### [Work order]
Quote the entries in full, character for character, without their images.

### [Extracted material]
┄┄┄┄┄┄┄┄┄┄┄┄┄┄┄┄┄┄┄┄

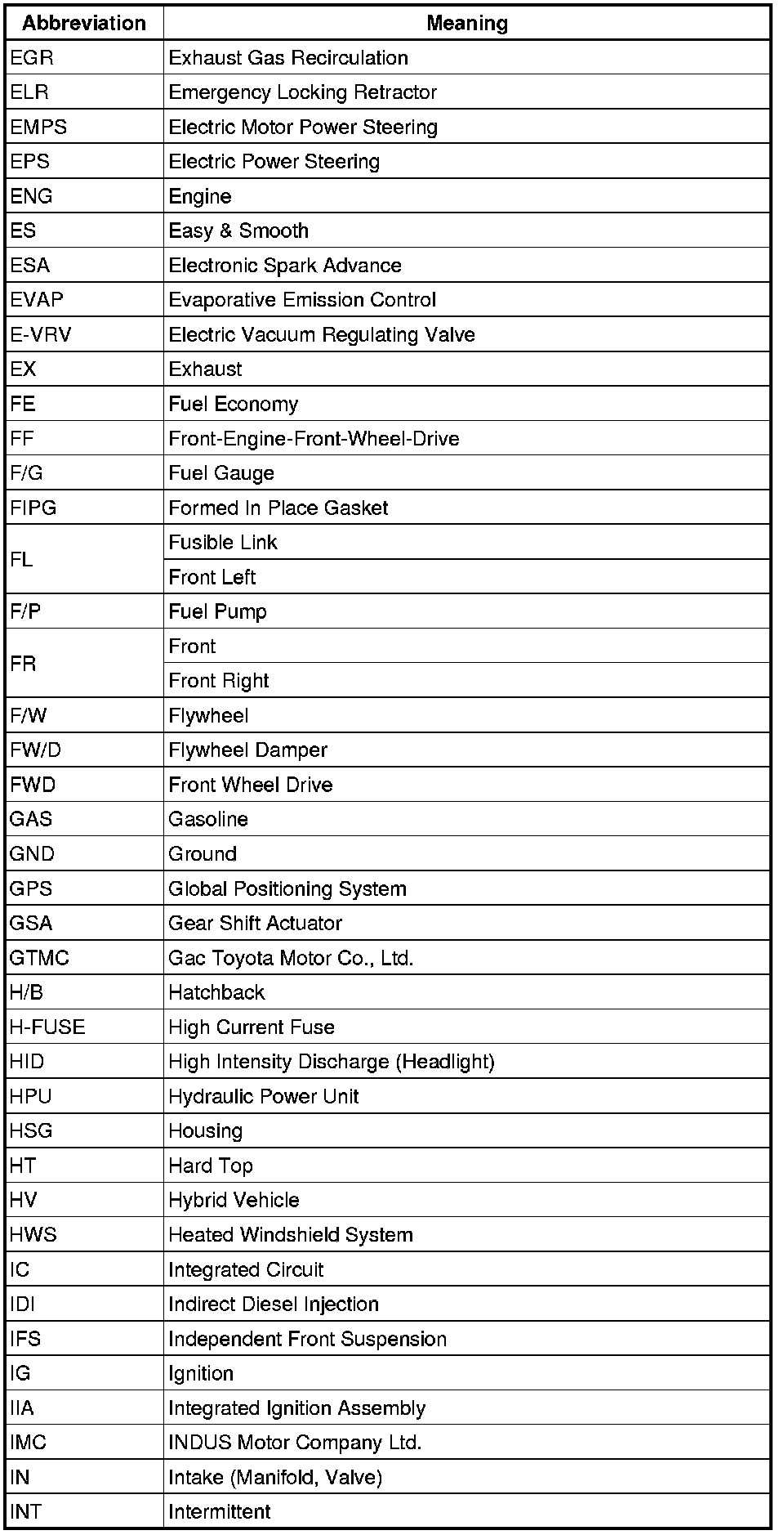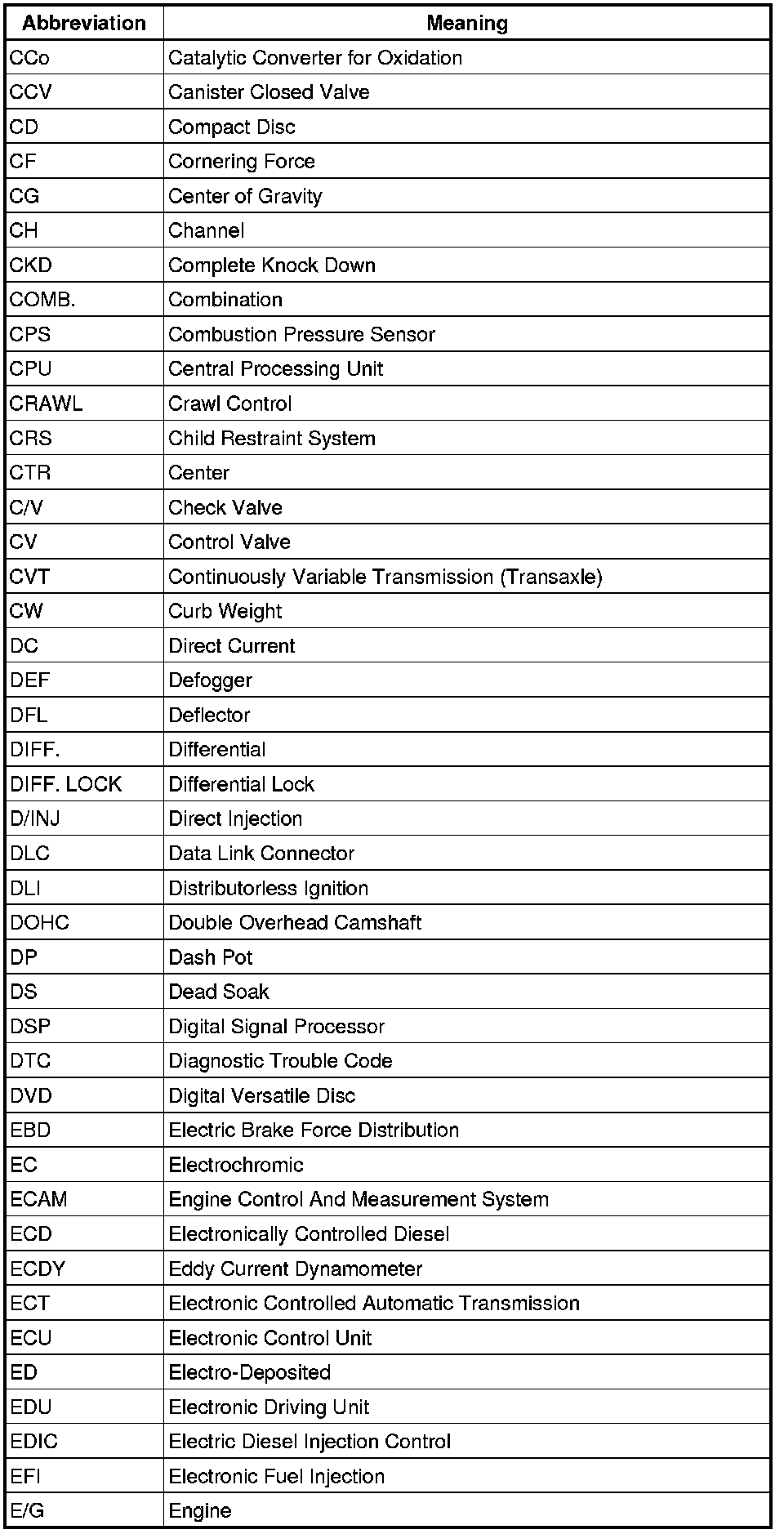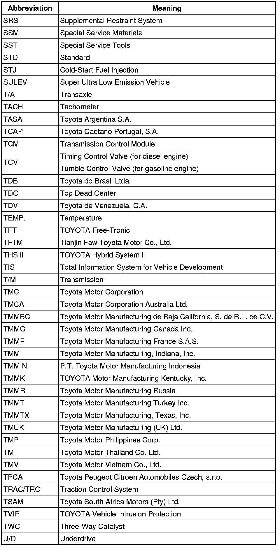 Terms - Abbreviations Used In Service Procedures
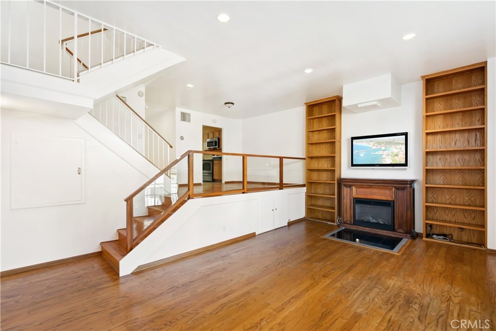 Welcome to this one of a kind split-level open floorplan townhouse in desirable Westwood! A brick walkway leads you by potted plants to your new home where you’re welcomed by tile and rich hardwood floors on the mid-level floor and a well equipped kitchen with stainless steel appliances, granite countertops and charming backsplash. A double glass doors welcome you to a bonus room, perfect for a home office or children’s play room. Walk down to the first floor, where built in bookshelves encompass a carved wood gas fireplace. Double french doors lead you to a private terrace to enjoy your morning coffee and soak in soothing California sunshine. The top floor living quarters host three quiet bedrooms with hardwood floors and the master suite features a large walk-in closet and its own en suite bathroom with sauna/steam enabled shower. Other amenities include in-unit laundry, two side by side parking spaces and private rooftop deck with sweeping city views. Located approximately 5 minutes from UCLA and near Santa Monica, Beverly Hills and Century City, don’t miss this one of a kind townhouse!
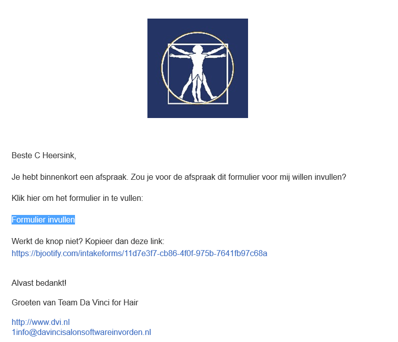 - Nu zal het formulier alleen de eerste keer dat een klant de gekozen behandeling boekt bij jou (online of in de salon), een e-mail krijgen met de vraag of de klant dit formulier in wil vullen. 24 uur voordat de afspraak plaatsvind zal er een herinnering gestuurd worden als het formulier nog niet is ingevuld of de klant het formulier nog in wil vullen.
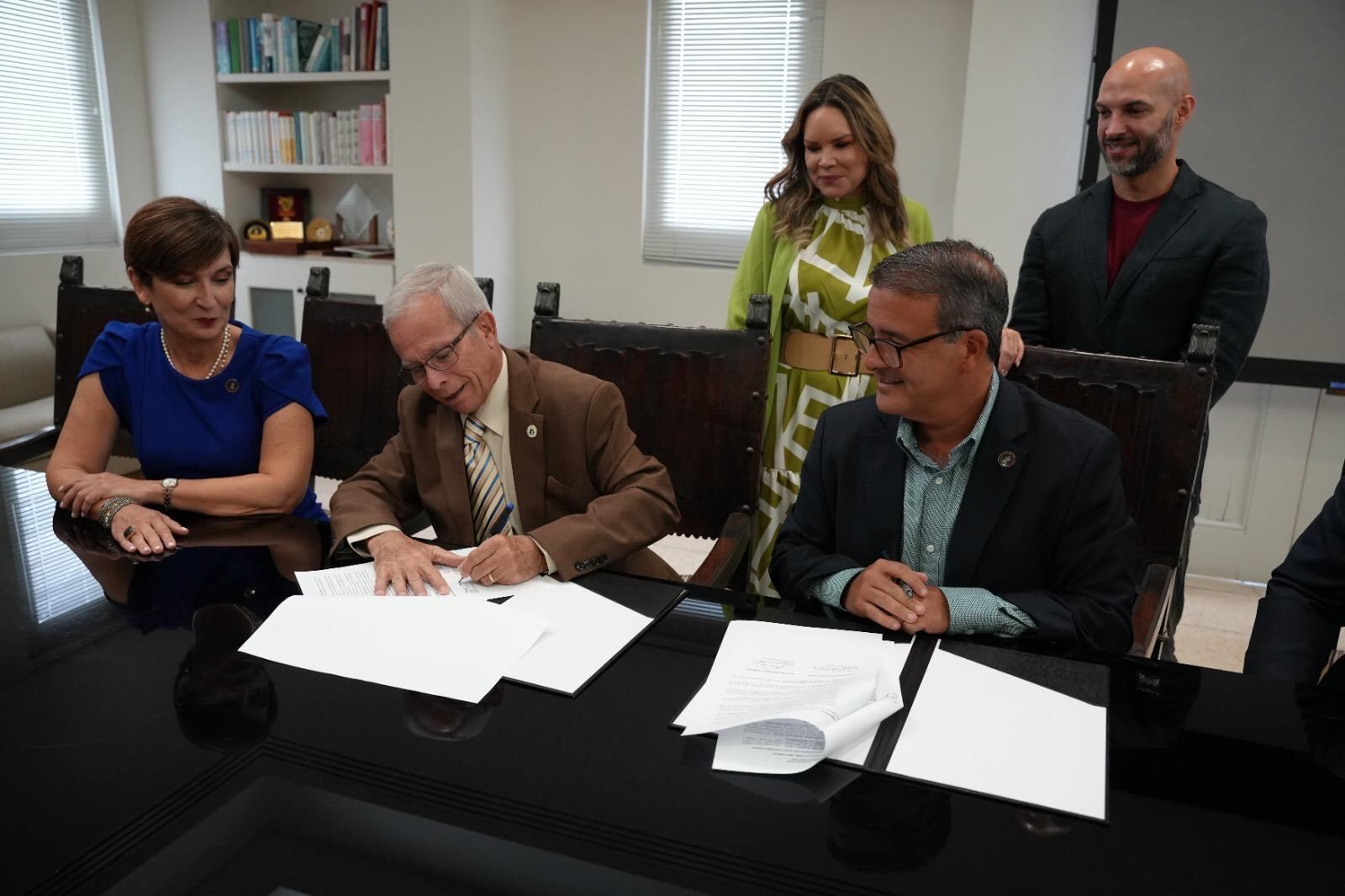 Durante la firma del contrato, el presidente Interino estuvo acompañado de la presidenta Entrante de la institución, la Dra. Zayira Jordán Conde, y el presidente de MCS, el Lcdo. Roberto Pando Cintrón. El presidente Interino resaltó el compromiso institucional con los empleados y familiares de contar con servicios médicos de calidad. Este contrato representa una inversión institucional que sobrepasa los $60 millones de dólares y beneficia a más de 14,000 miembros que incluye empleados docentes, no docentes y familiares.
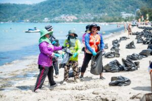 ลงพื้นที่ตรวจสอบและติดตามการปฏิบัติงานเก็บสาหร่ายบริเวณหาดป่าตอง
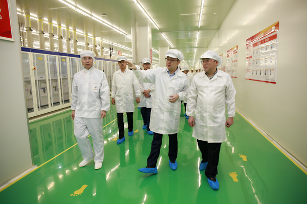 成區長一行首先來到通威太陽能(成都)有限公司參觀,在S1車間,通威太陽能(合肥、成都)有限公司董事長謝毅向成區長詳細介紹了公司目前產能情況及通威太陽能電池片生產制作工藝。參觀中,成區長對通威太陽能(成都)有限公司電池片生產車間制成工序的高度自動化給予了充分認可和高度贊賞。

┄┄┄┄┄┄┄┄┄┄┄┄┄┄┄┄┄┄┄┄

### [Response for this exercise]
 Terms - Abbreviations Used In Service Procedures
 Welcome to this one of a kind split-level open floorplan townhouse in desirable Westwood! A brick walkway leads you by potted plants to your new home where you’re welcomed by tile and rich hardwood floors on the mid-level floor and a well equipped kitchen with stainless steel appliances, granite countertops and charming backsplash. A double glass doors welcome you to a bonus room, perfect for a home office or children’s play room. Walk down to the first floor, where built in bookshelves encompass a carved wood gas fireplace. Double french doors lead you to a private terrace to enjoy your morning coffee and soak in soothing California sunshine. The top floor living quarters host three quiet bedrooms with hardwood floors and the master suite features a large walk-in closet and its own en suite bathroom with sauna/steam enabled shower. Other amenities include in-unit laundry, two side by side parking spaces and private rooftop deck with sweeping city views. Located approximately 5 minutes from UCLA and near Santa Monica, Beverly Hills and Century City, don’t miss this one of a kind townhouse!
 - Nu zal het formulier alleen de eerste keer dat een klant de gekozen behandeling boekt bij jou (online of in de salon), een e-mail krijgen met de vraag of de klant dit formulier in wil vullen. 24 uur voordat de afspraak plaatsvind zal er een herinnering gestuurd worden als het formulier nog niet is ingevuld of de klant het formulier nog in wil vullen.
 Durante la firma del contrato, el presidente Interino estuvo acompañado de la presidenta Entrante de la institución, la Dra. Zayira Jordán Conde, y el presidente de MCS, el Lcdo. Roberto Pando Cintrón. El presidente Interino resaltó el compromiso institucional con los empleados y familiares de contar con servicios médicos de calidad. Este contrato representa una inversión institucional que sobrepasa los $60 millones de dólares y beneficia a más de 14,000 miembros que incluye empleados docentes, no docentes y familiares.
 ลงพื้นที่ตรวจสอบและติดตามการปฏิบัติงานเก็บสาหร่ายบริเวณหาดป่าตอง
 成區長一行首先來到通威太陽能(成都)有限公司參觀,在S1車間,通威太陽能(合肥、成都)有限公司董事長謝毅向成區長詳細介紹了公司目前產能情況及通威太陽能電池片生產制作工藝。參觀中,成區長對通威太陽能(成都)有限公司電池片生產車間制成工序的高度自動化給予了充分認可和高度贊賞。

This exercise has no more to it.